■ TASK: Word for word, restate the listing; omit the pictures.

■ SUPPLIED DATA:
========

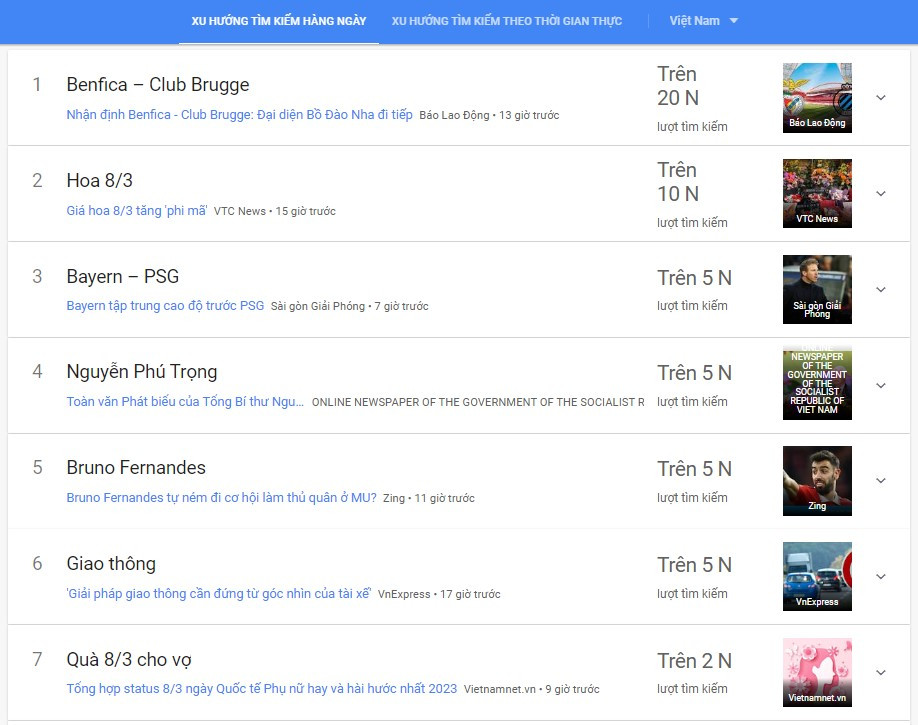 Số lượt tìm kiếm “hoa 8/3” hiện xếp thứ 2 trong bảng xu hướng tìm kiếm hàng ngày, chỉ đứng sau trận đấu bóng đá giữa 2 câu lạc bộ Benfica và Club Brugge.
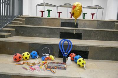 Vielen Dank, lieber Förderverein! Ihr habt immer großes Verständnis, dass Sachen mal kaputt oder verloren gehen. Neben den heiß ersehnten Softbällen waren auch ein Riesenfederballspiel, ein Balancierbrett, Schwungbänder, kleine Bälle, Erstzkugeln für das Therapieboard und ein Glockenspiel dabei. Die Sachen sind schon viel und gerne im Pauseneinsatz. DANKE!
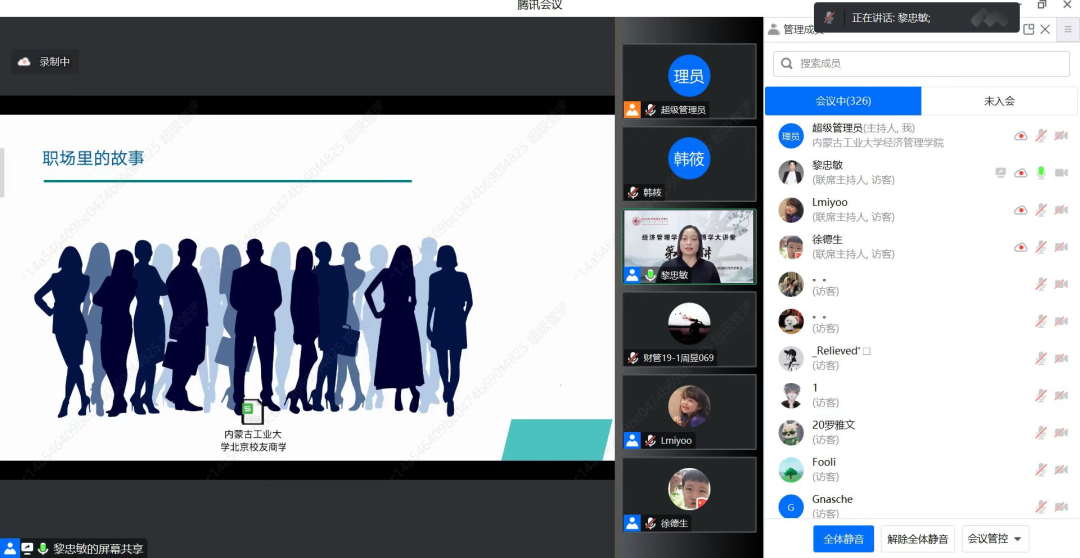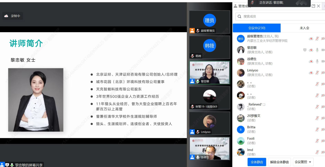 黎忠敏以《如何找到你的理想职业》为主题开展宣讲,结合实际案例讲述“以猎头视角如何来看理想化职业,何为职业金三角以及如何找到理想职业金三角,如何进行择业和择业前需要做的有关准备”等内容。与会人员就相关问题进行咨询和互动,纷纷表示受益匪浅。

========

■ EXERCISE RESULT:
 Số lượt tìm kiếm “hoa 8/3” hiện xếp thứ 2 trong bảng xu hướng tìm kiếm hàng ngày, chỉ đứng sau trận đấu bóng đá giữa 2 câu lạc bộ Benfica và Club Brugge.
 Vielen Dank, lieber Förderverein! Ihr habt immer großes Verständnis, dass Sachen mal kaputt oder verloren gehen. Neben den heiß ersehnten Softbällen waren auch ein Riesenfederballspiel, ein Balancierbrett, Schwungbänder, kleine Bälle, Erstzkugeln für das Therapieboard und ein Glockenspiel dabei. Die Sachen sind schon viel und gerne im Pauseneinsatz. DANKE!
 黎忠敏以《如何找到你的理想职业》为主题开展宣讲,结合实际案例讲述“以猎头视角如何来看理想化职业,何为职业金三角以及如何找到理想职业金三角,如何进行择业和择业前需要做的有关准备”等内容。与会人员就相关问题进行咨询和互动,纷纷表示受益匪浅。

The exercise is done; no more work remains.